Inhibitory effect of genistein or daidzein on U46619- or KCl-induced MLC20
phosphorylation
To determine whether isoflavones affect U46619 (30 nM)- or KCl (50 mM)-induced
MLC20 phosphorylation, aortic rings were pretreated with genistein, daidzein or vehicle
for 30 min before addition of U46619 or KCl.
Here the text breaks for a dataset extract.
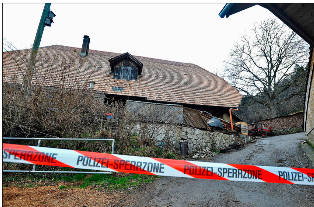
Von diesem Bauernhof im Oberaargau retteten die Polizei und der Veterinärdienst rund 50 Tiere. Der Bauer, der mit der Arbeit überfordert war, wird nun ärztlich betreut.

Dies ist bereits der vierte in diesem Jahr bekannt gewordene Fall eines Landwirts, der seine Tiere vernachlässigte. Begonnen hat die traurige Serie mit einem Landwirt aus Studen. Aus dessen Stall mussten 78 Tiere gerettet werden - für eine Kuh kam jede Hilfe zu spät. Die Polizei meldete wenige Tage später, dass ein Bauer in Signau sein Vieh verhungern und verdursten liess. Und schliesslich sprach in

Both genistein (30 and 100 µM) and
daidzein (30 and 100 µM) decreased U46619- or KCl-induced MLC20 phosphorylation
(Fig. 2).
Inhibitory effect of genistein or daidzein on U46619- or KCl-induced RhoA
activation
After pretreatment with genistein, daidzein or vehicle for 30 minutes, the addition of
U46619 (30 nM) or KCl (50 mM) induced contractions, reaching a plateau in 10 min.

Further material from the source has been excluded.